What you should do: Word for word, retype the lines from the one containing "Biocaria DAILY BASICS" to the one containing "Step 4. 비주얼" below, keeping both end lines and dropping the pictures.

Given records:
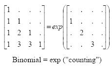 and a step into The analysis of the binomial/Pascal matrix is extended and more systematized. Additionally a matrix-representation of common summation procedures is investigated. Since I mainly deal with the binomial-matrix, this is almost all about variants of the Euler-summation. The article is in the state of a draft; I'm currently studying the heuristics and assumtions in more details and shall provide more links to literature and online-resources. See pmatrix.pdf Keywords: Euler summation, divergent series, matrix summation method
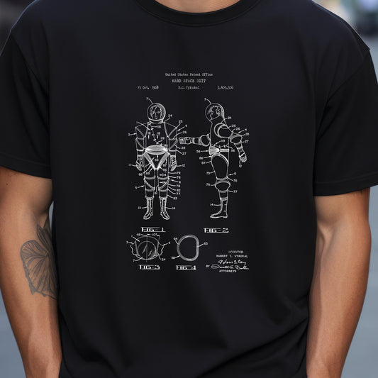 Hard space suit design T shirt from the US Patent Office . Perfect gift for any with interest in space, aviation, scientist, engineer, tech
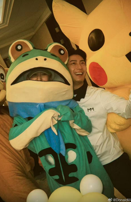 ▲何超莲穿绿色青蛙玩偶装,为老公窦骁生日制造惊喜。
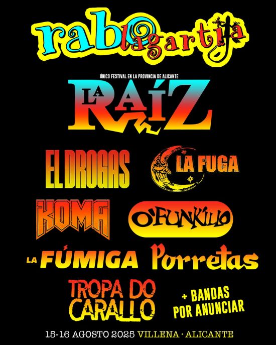 El Drogas, La Fuga, Koma, OFunkillo, La Fúmiga, Porretas y los Tropa do Carallo del mÃtico Evaristo Páramos (La Polla Records) se suman al cartel de Rabolagartija 2025, encabezado por La RaÃz, en su vuelta a los escenarios y como única fecha en vivo en un festival en la provincia de Alicante.
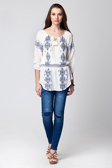 Блузка изготовлена из тонкого фактурного хлопка. Спереди и на рукавах вышивка крестиком. В край горловины вставлена резинка, спереди от выреза отходит кручёный шнур из хлопка с кисточкой на конце. Талия прострочена эластичными нитями, которые собирают ее на сборку. Между строчками зигзагообразным узором проложены синие и голубые нити. Низ рукава на резинке.
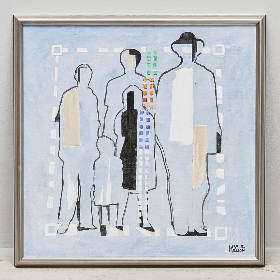 Leif B Larsson, Signerad, "Familjen". Olja på duk, 64x64 cm, yttermått inklusive ram: 70x70 cm
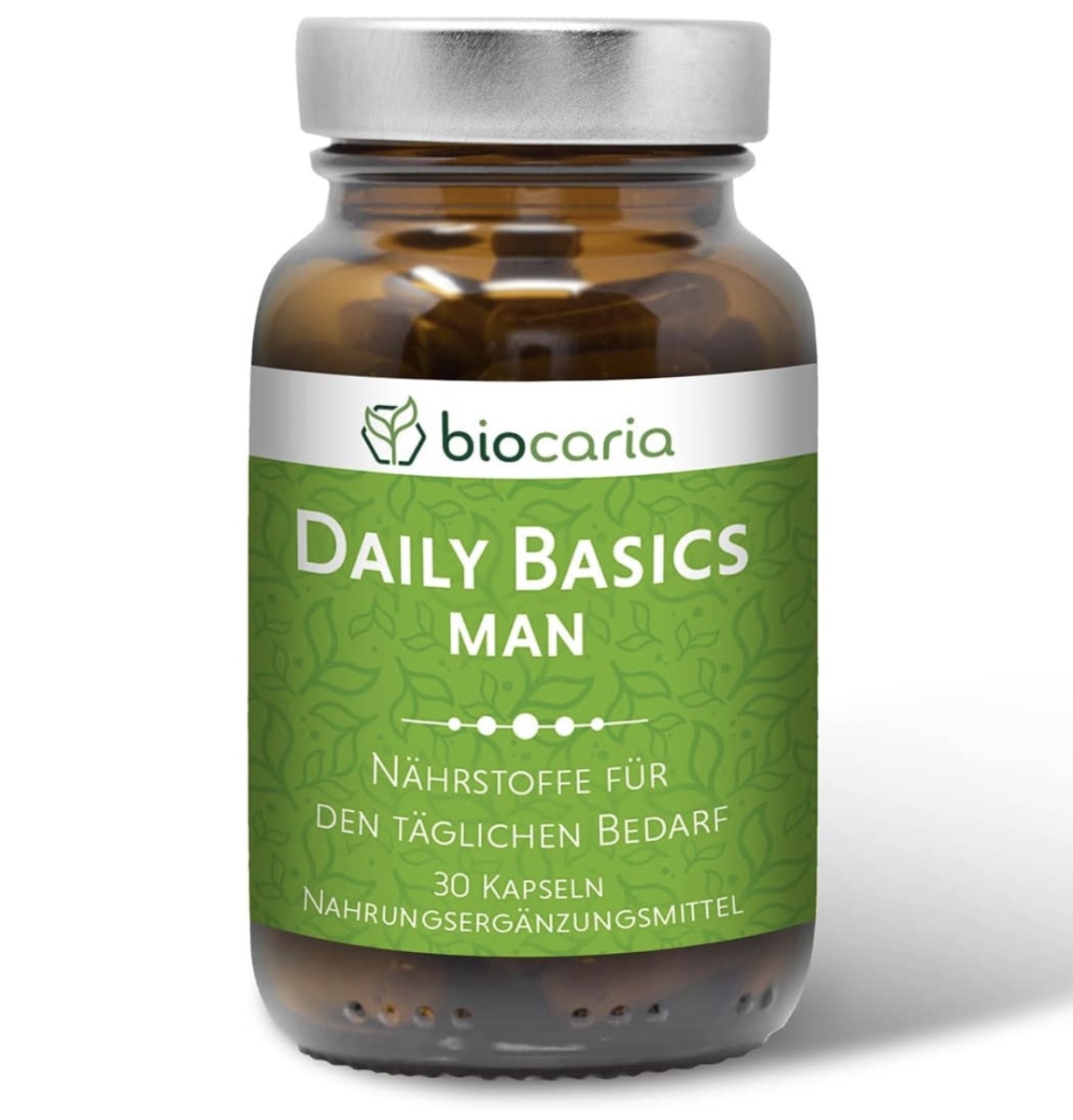 Biocaria DAILY BASICS MAN ist eine Nahrungsergänzung speziell für die Bedürfnisse des Mannes: Die Kapseln enthalten 200 mg natürliches Kürbiskernextrakt, mit 100 mg Vitamin C, 7,8 mg Zink und 2,9 mg Eisen. Darüber hinaus verfügen die Kapseln über ein Plus an Vitamin B1, B6, K1 und D3 kombiniert mit Pantothensäure und Folsäure sowie den Spurenelementen und Mineralien Mangan, Kupfer und Molybdän. Das Kürbiskernextrakt ist reich an natürlichen sekundären Pflanzenstoffen. Damit ist die Kapsel perfekt für die tägliche Nährstoffzufuhr des männlichen Körpers und die Stärkung des Immunsystems geeignet. Das Kürbiskernextrakt kann entzündungshemmend sein und sich positiv auf den ganzen Körper auswirken. Die Kapseln sind eine sinnvolle Ergänzung für jede ausgewogene Ernährung des Mannes.
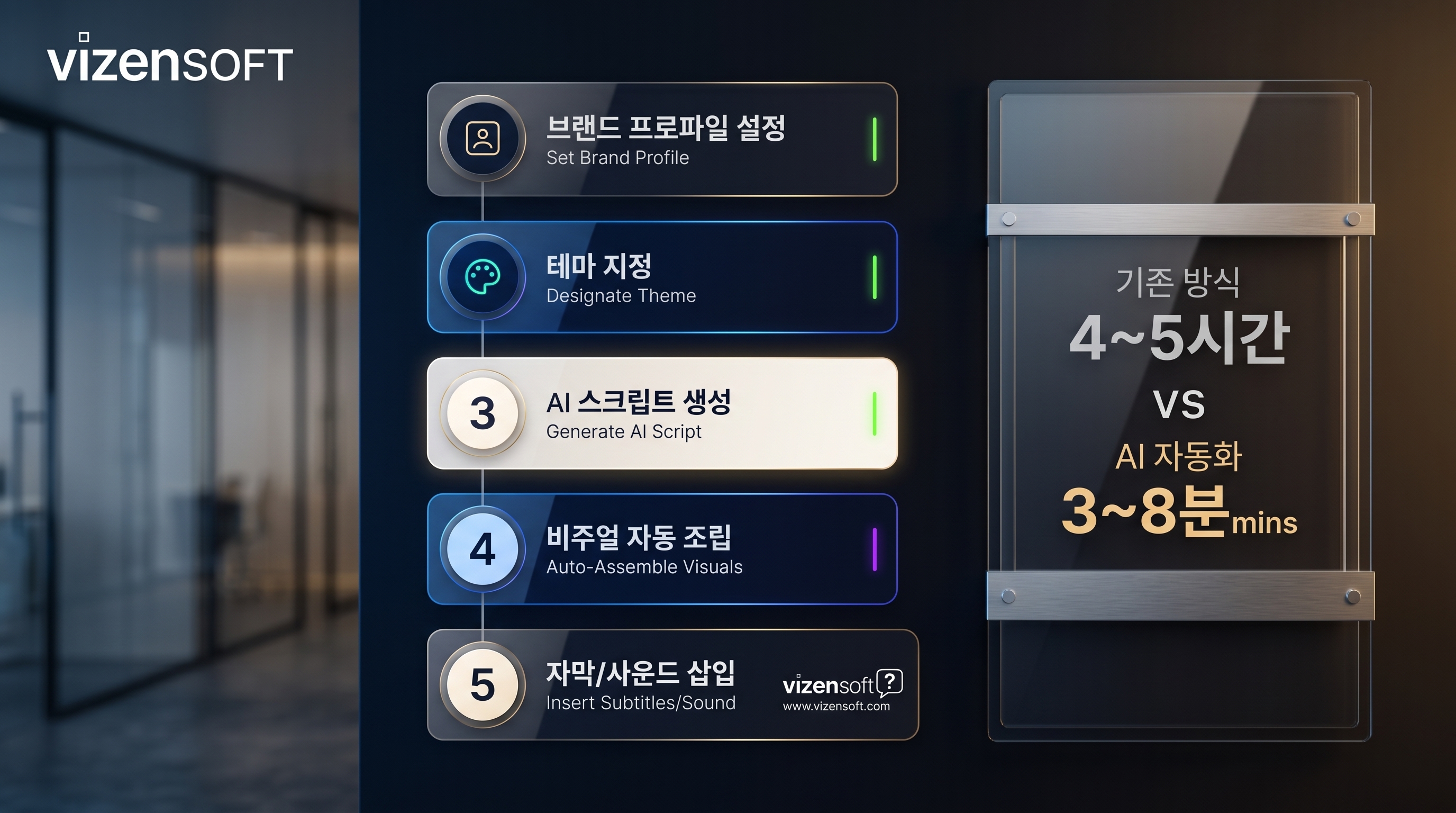 Step 4. 비주얼 자동 조립 — 스크립트에 맞는 배경 영상, 이미지, 모션 그래픽을 AI가 자동으로 선택하고 조합합니다. 기업이 보유한 자체 영상 라이브러리를 연동하면 브랜드 일관성도 유지됩니다.
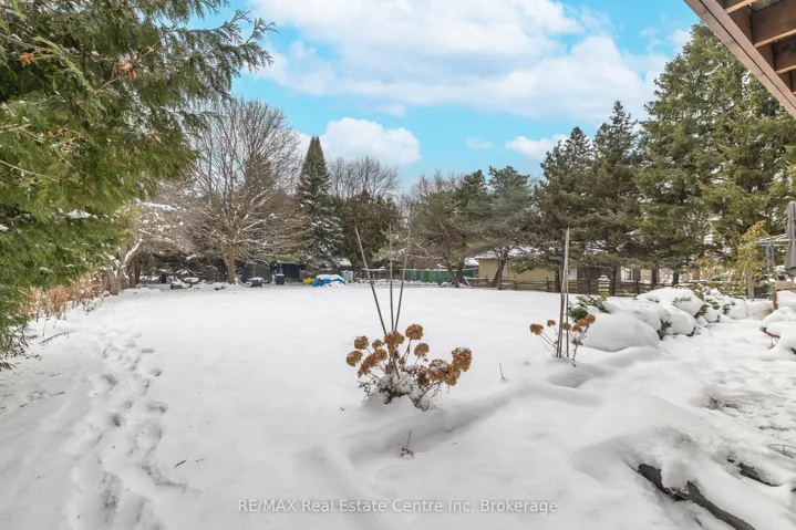 +"PublicRemarks": "Beautiful Raised Bungalow on a Half-Acre Treed Lot This beautifully updated raised bungalow is nestled in a quiet small town just minutes from Fergus and Guelph, offering the perfect blend of country charm and city convenience. Featuring 3+1 bedrooms, 2 baths, and an inviting open-concept design, this home is brightened by a skylight and accented with hardwood floors. The finished basement includes a walkout and a cozy rec room warmed by a wood stove-an ideal space for family gatherings or peaceful evenings in. Step out from the primary bedroom balcony and take in views of the spacious half-acre treed lot, complete with a patio and gazebo for outdoor enjoyment .A steel roof provides durability and peace of mind, while the interlocking driveway adds curb appeal and plenty of parking. The property also includes two oversized storage sheds and an oversized garage equipped with a generator backup panel. If you're looking for a small-town country home not far from the city, this one offers everything you've been waiting for."
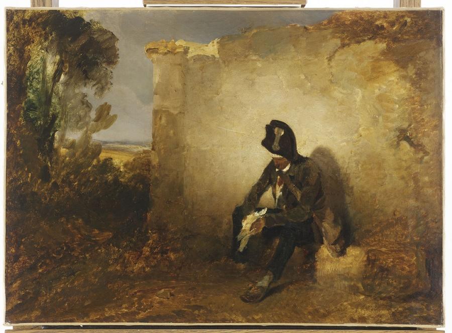 Scène montrant un garde-chasse, vêtu d'un costume hérité de la période napoléonienne encore proche, assis devant un mur en pierres blanches en ruines, dévoilant à l'arrière-plan à gauche un paysage. Oeuvre de jeunesse de l'artiste, par son sujet lié au thème de la chasse, par son style très libre, proche de l'aquarelle, ce rare tableau est considéré comme une oeuvre clé de cette période, où Decamps simplifie son motif principal, lui donnant ici une monumentalité impressionnante dans une lumière dorée. La figure se détache sur un mur blanc en harmonie avec un ciel d'orage à la Georges Michel, qui contraste avec l'unique arbre, vert vif. La mise en place du fond blanc lumineux annonce le parti qu'en fera l'artiste par la suite dans la plupart de ses scènes de genre, orientales ou non, ou ses sujets ruraux. Outre ses qualités picturales, cette toile, bien documentée, offre un intérêt historique pour la carrière de l'artiste et le patrimoine de l'Oise. L'inscription manuscrite au revers qui précise le sujet et les circonstances du tableau, indique qu'il a été exécuté à Hénonville dans l'Oise, chez le fameux baron d'Ivry, ardent zélateur de l'Ecole du paysage de 1830 et protecteur de Georges Michel, comme de Decamps à ses débuts. La famille de Jean-Baptiste-Maurice Roslin d'Ivry était en effet, depuis deux générations de fermiers généraux, propriétaires du château à Hénonville. Lui-même, officier de louveterie du département de l'Oise, veillait aux destinées de la commune depuis 1813.

Response to the exercise:
 Biocaria DAILY BASICS MAN ist eine Nahrungsergänzung speziell für die Bedürfnisse des Mannes: Die Kapseln enthalten 200 mg natürliches Kürbiskernextrakt, mit 100 mg Vitamin C, 7,8 mg Zink und 2,9 mg Eisen. Darüber hinaus verfügen die Kapseln über ein Plus an Vitamin B1, B6, K1 und D3 kombiniert mit Pantothensäure und Folsäure sowie den Spurenelementen und Mineralien Mangan, Kupfer und Molybdän. Das Kürbiskernextrakt ist reich an natürlichen sekundären Pflanzenstoffen. Damit ist die Kapsel perfekt für die tägliche Nährstoffzufuhr des männlichen Körpers und die Stärkung des Immunsystems geeignet. Das Kürbiskernextrakt kann entzündungshemmend sein und sich positiv auf den ganzen Körper auswirken. Die Kapseln sind eine sinnvolle Ergänzung für jede ausgewogene Ernährung des Mannes.
 Step 4. 비주얼 자동 조립 — 스크립트에 맞는 배경 영상, 이미지, 모션 그래픽을 AI가 자동으로 선택하고 조합합니다. 기업이 보유한 자체 영상 라이브러리를 연동하면 브랜드 일관성도 유지됩니다.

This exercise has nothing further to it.